The European Commission announced on 29 July this year that it has opened an in-depth investigation to determine whether the United Kingdom's plans to restructure Royal Mail, the incumbent postal operator, by relieving it of its "pension deficit" and consolidating its balance sheet are in line with EU state aid rules.  

Following the full market opening as of 31 December 2010 for the majority of Member States (by virtue of Directive 2008/06/EC), the European Commission announced on 29 July 2011 that it has opened an in-depth investigation to determine whether the UK government’s plans to restructure Royal Mail comply with European Union state aid rules.

As part of the postal operator’s privatization, the United Kingdom intends to relieve Royal Mail of its “pension deficit” (estimated to be £8 billion) and consolidate its balance sheet, including restructuring the company’s £1.7 billion debt and the provision of a revolving credit facility. These measures were notified to the Commission in June 2011.

The UK government claims that the notified measures are in line with EU Guidelines on state aid for rescuing and restructuring firms in difficulty.
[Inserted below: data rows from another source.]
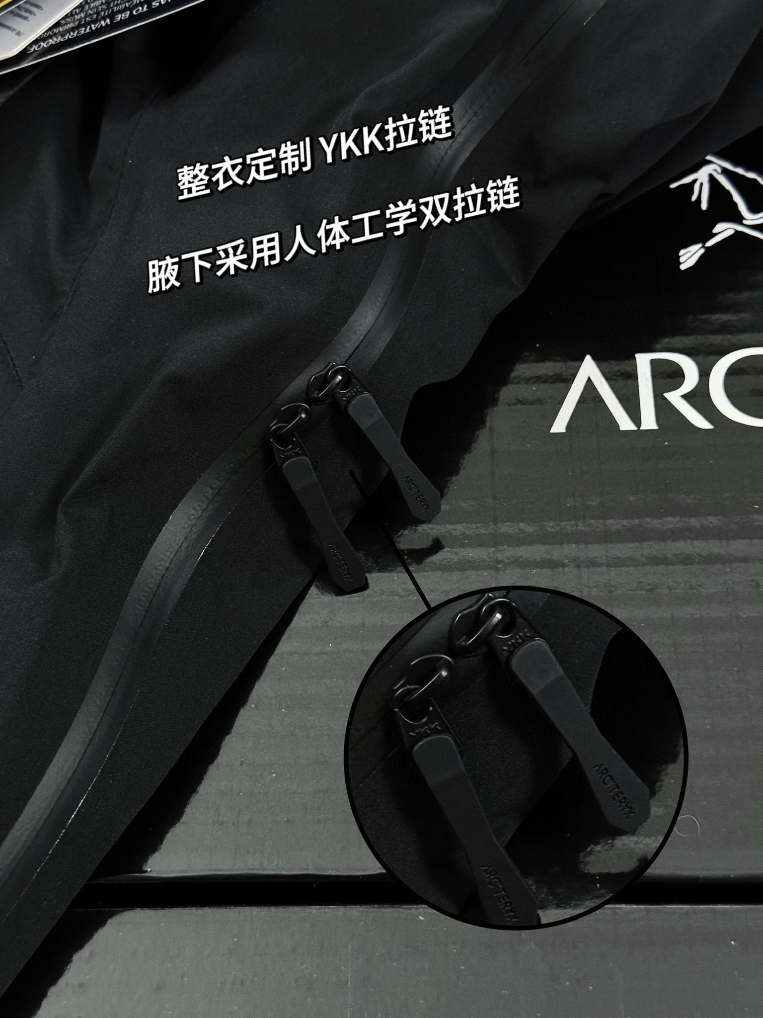 工艺 原版分解 从裁剪 拼接 到缝制工艺完全原版一比一 网眼PowderGuard腋下通风口 便于通风散热 网状WaterTight主拉链 WaterTight外侧拉链 W微织带拉链片 腋下拉链配PowderGuard儡眼底料 整衣全部贴带接缝 防风雨更佳 GORE TEX三层结构 光滑内面面料 方便分层穿着立体整形 更合身舒适
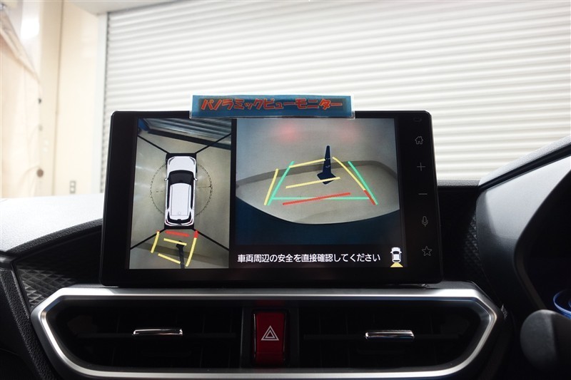 <パノラミックビューモニター>真上から車を見ているように表示されるので、運転席から見えないところも映し出されて確認でき、より安全に駐車できます!バックが苦手な人でも安心ですね♪目視での確認も忘れずに。
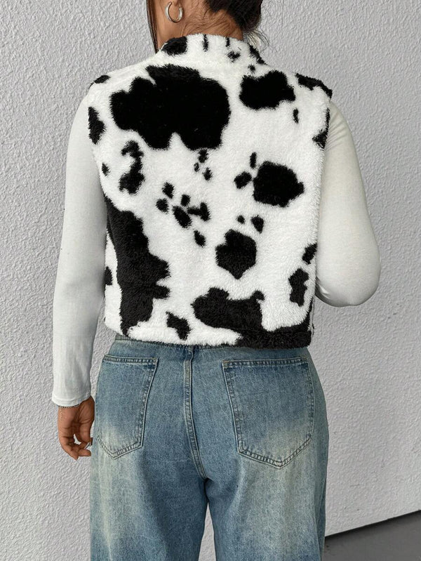 EZwear Plus Size Fashionable Cow Print Jacket, Autumn Winter Fall
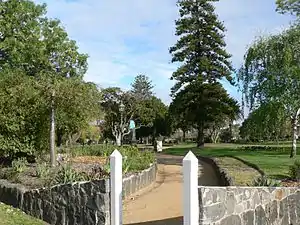 The improved appearance of the gardens over recent years has been due to local government projects completed in response to a Conservation Analysis & Management Strategy, by landscape architect Jill Orr-Young, Dec. 1997. The creation of mulched beds around significant trees has improved their condition and large herbaceous beds have been restored using heritage plant stock. Further detailed historical investigations by Jill Orr-Young have led to the works described below. Reconstruction of the western half of the gardens' path network accurately plotted heritage alignments and used the original orange-coloured, granitic, sand surface and mild steel edging. This work included the installation of an on-site stormwater dissipation system, which now uses surface runoff to help irrigate lawn areas and minimise water usage. The perimeter hedge around the gardens uses original Lonicera heritage plant stock sourced from Dame Elisabeth Murdoch's 'Cruden Farm.' This hedge will grow to a height of approximately 700mm. The design of entry treatments for each of the entrances to the Gardens comprises bluestone walls and timber posts, with the new entrances designed to closely resemble the original appearance and layout of the old entrances. The northern and southern border beds have been planted with heritage plant stock in accordance with planting designs prepared by Jill Orr-Young.[3]

At this stage, the Commission has doubts that Royal Mail’s restructuring plan has adequate measures in place for mitigating any distortions of competition brought about by the state intervention and for guaranteeing a sufficient amount of its own contribution to the cost of restructuring. According to the Commission, the restructuring plan could give Royal Mail an unfair advantage, which would have a distorting effect on competition among postal operators in the Internal Market.

It should be noted that the United Kingdom is not the only Member State which finances its postal sector. The Commission is currently also examining measures in favour of the Belgian post incumbent bpost and the German postal incumbent Deutsche Post. The scope of the investigation into Deutsche Post has recently been extended to cover the financing of certain pension costs.